Work instructions | From the line that holds "继919摩托姐姐把蔡嘉拿破仑" down to the last line of the listing below, transcribe exactly and only those lines. Leave pictures out.

Data excerpt |
────────────────────────────────────────
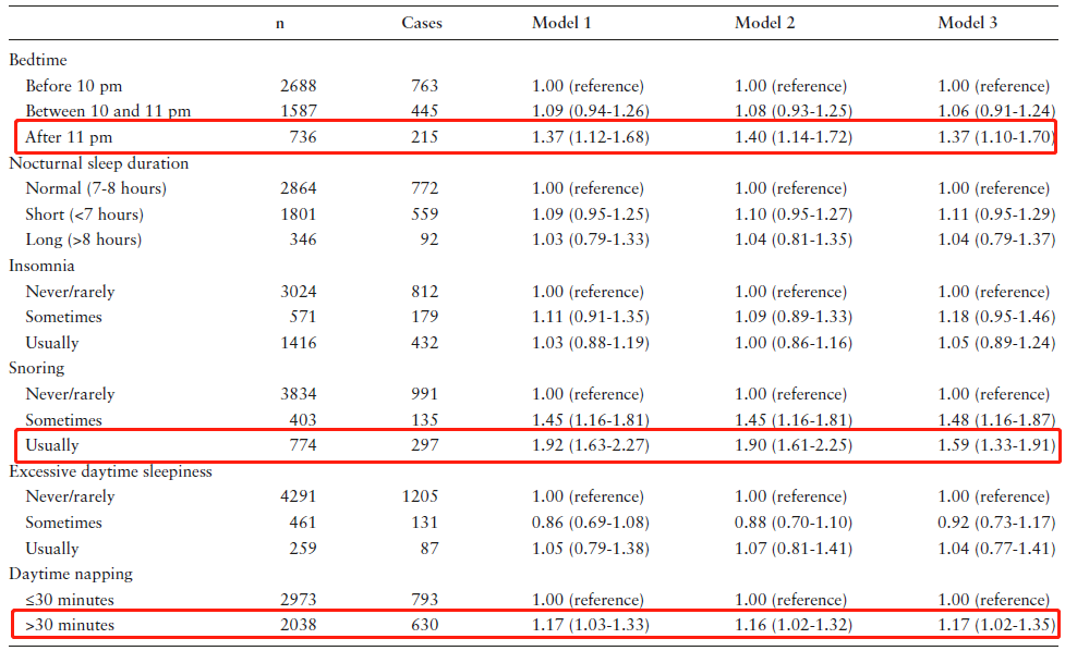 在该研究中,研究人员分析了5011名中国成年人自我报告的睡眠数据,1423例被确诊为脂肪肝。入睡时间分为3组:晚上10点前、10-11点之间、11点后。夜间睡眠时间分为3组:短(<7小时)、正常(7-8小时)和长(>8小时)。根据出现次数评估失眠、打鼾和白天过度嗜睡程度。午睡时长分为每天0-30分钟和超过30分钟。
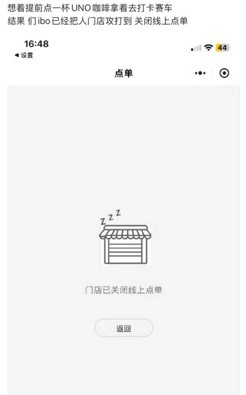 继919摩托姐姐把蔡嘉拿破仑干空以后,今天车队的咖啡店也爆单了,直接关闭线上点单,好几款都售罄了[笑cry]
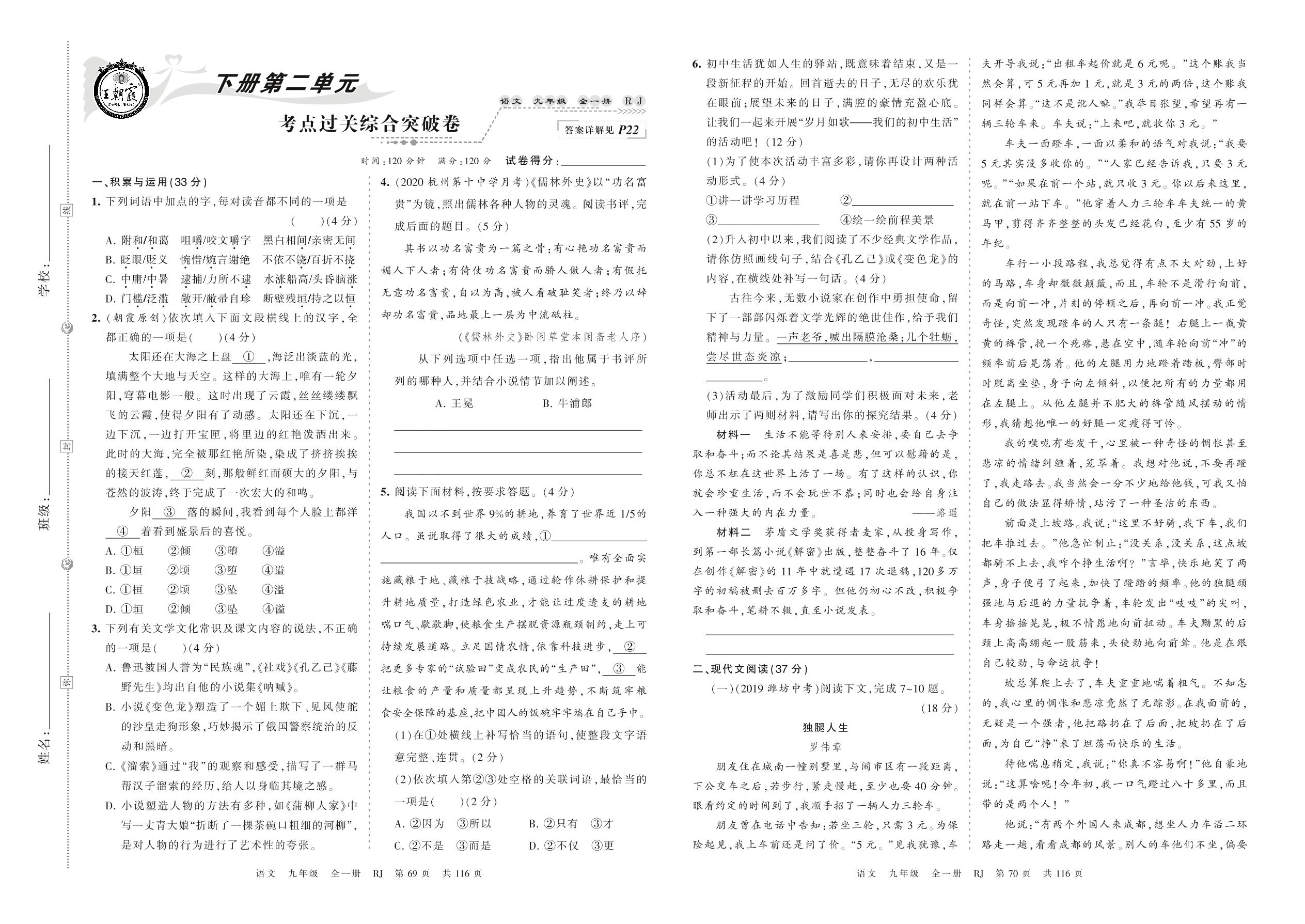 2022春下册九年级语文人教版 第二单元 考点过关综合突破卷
────────────────────────────────────────
Output of the task |
 继919摩托姐姐把蔡嘉拿破仑干空以后,今天车队的咖啡店也爆单了,直接关闭线上点单,好几款都售罄了[笑cry]
 2022春下册九年级语文人教版 第二单元 考点过关综合突破卷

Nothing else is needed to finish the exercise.